How many idempotent elements does the ring ${\bf Z}_n$ contain?

Let $R$ be a ring. An element $x$ in $R$ is said to be idempotent if $x^2=x$. For a specific $n\in{\bf Z}_+$ which is not very large, say, $n=20$, one can calculate one by one to find that there are four idempotent elements: $x=0,1,5,16$. So here is my question:

Is there a general result which tells the number of the idempotent elements of ${\bf Z}_n$?

If $n=p_1^{m_1}\cdots p_k^{m_k}$ is the factorization of $n$ as a product of powers of distinct primes, then the ring $\mathbb Z/n\mathbb Z$ is isomorphic to the product $\mathbb Z/p_1^{m_1}\mathbb Z\times\cdots\times \mathbb Z/p_k^{m_k}\mathbb Z$. It is easy to reduce the problem of counting idempotent elements in this direct product to counting them in each factor.

Can you do that?

In $\Bbb{Z}_n$ the relation $x^2=x$ is equivalent to $(x-1)x\equiv 0 ( mod \ n)$, that is $n | x(x-1)$. This is an easy way to calculate all idempotent elements for small $n$. In general, you need to consider the factorization of $n$ in prime factors and note that $x,x-1$ are coprime, and if one prime number divides one of them, it can't divide the other.

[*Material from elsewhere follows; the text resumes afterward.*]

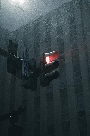 traffic light in the snow
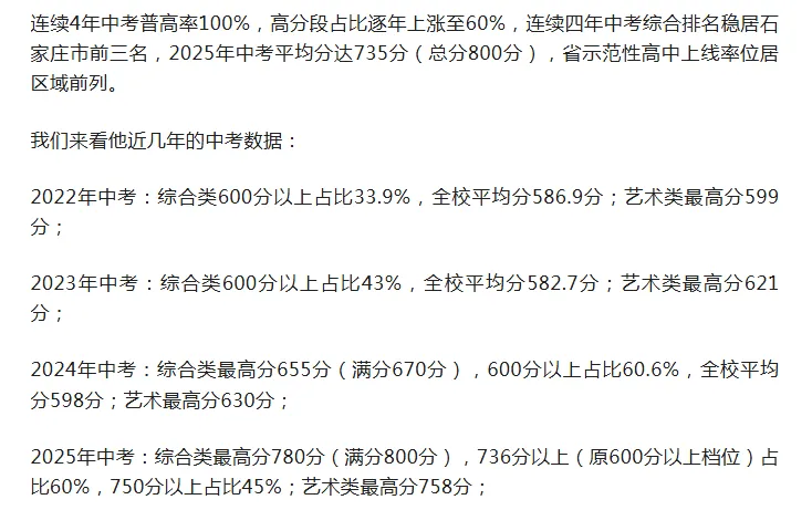 校方高调宣称:连续4年中考普高率100%,高分段占比逐年上涨至60%,中考综合排名稳居石家庄市前三名,2025年中考平均分达735分(总分800分),省示范性高中上线率位居区域前列。2025第一年高考,多人考入985/211重点大学…貌似一看,瀚林好像很牛叉,中高考成绩超过一众老牌名校。可是这些成绩的真伪无法验证,官方也严禁炒作宣传中高考升学率、名校率等。

Hint $ $ Idempotents in $\,\mathbb Z/n\,$ correspond to coprime factorizations of $\,n\,$ i.e. $\, n = a\,b,\ (a,b) = 1\,.\ $ Indeed, notice that $\,p^k\mid\,(e-1)\iff p^k\ |\ e\,$ or $\,p^k\ |\ e-1.\,$ It is easy to see that there are $\, 2^k\,$ such factorizations, where $\,k\,$ is the number of distinct prime factors of $\, n.$